TASK DIRECTIONS:
Each line of the data is to be output verbatim, with the images removed.

┌─ DATA EXTRACT

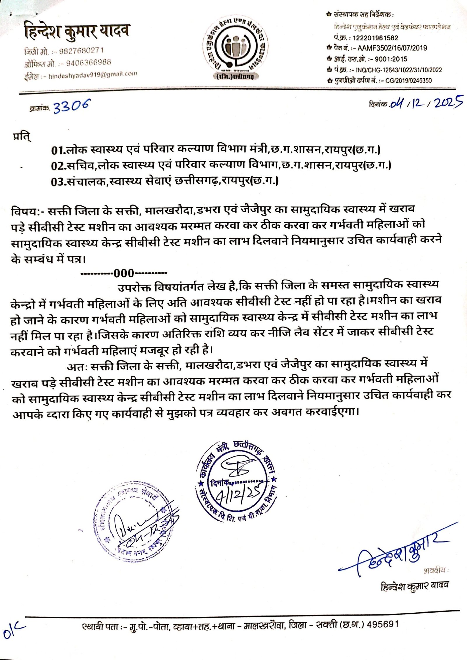 सक्ती(एचकेपी 24 न्यूज)।सक्ती,मालखरौदा,डभरा एवं जैजैपुर का सामुदायिक स्वास्थ्य में खराब पड़े सीबीसी टेस्ट मशीन के कारण गर्भवती महिलाओ को होने वाली परेशानियो को स्वत:संज्ञान में लेते हुए हिन्देश एजुकेशन हेल्थ एण्ड वेलफेयर फाउण्डेशन (रजिस्टर्ड) के फाउण्डर सह डायरेक्टर हिन्देश कुमार यादव ने लोक स्वास्थ्य एवं परिवार कल्याण विभाग मंत्री छ.ग.शासन तथा संचालक स्वास्थ्य सेवाएं छत्तीसगढ़ को गर्भवती महिलाओ का समस्या को निराकरण करवाने आवश्यक मरम्मत करवा कर ठीक करवा कर गर्भवती महिलाओं को सामुदायिक स्वास्थ्य केन्द्र में सीबीसी टेस्ट मशीन का लाभ दिलवाने नियमानुसार उचित कार्यवाही करने के लिए पत्र लिखा है।
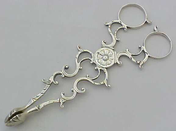 Scarce, large pair of Georgian silver sugar nips or tea tongs. This pair are rare because they are Irish and doubly rare because only half of Irish nips bear a maker's mark. |
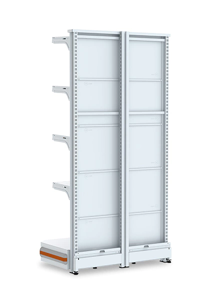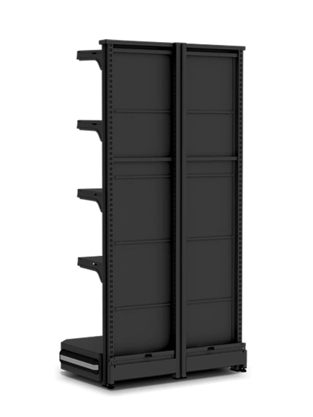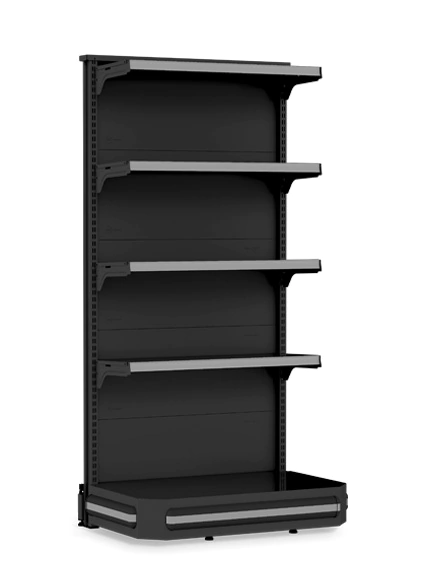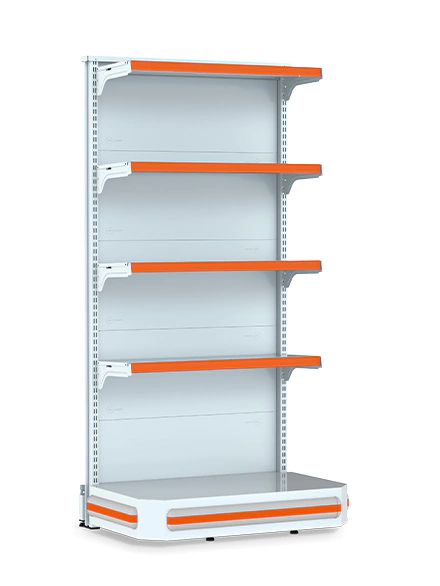 Utilizada no início e no final das fileiras de Gôndolas Centrais para tornar a loja mais atraente. Ideal para lojas de médio porte, como supermercados, petshops, home centers, agropecuárias, lojas de construção e outros.

└─

SOLUTION FOR THIS TASK:
 सक्ती(एचकेपी 24 न्यूज)।सक्ती,मालखरौदा,डभरा एवं जैजैपुर का सामुदायिक स्वास्थ्य में खराब पड़े सीबीसी टेस्ट मशीन के कारण गर्भवती महिलाओ को होने वाली परेशानियो को स्वत:संज्ञान में लेते हुए हिन्देश एजुकेशन हेल्थ एण्ड वेलफेयर फाउण्डेशन (रजिस्टर्ड) के फाउण्डर सह डायरेक्टर हिन्देश कुमार यादव ने लोक स्वास्थ्य एवं परिवार कल्याण विभाग मंत्री छ.ग.शासन तथा संचालक स्वास्थ्य सेवाएं छत्तीसगढ़ को गर्भवती महिलाओ का समस्या को निराकरण करवाने आवश्यक मरम्मत करवा कर ठीक करवा कर गर्भवती महिलाओं को सामुदायिक स्वास्थ्य केन्द्र में सीबीसी टेस्ट मशीन का लाभ दिलवाने नियमानुसार उचित कार्यवाही करने के लिए पत्र लिखा है।
 Scarce, large pair of Georgian silver sugar nips or tea tongs. This pair are rare because they are Irish and doubly rare because only half of Irish nips bear a maker's mark. |
 Utilizada no início e no final das fileiras de Gôndolas Centrais para tornar a loja mais atraente. Ideal para lojas de médio porte, como supermercados, petshops, home centers, agropecuárias, lojas de construção e outros.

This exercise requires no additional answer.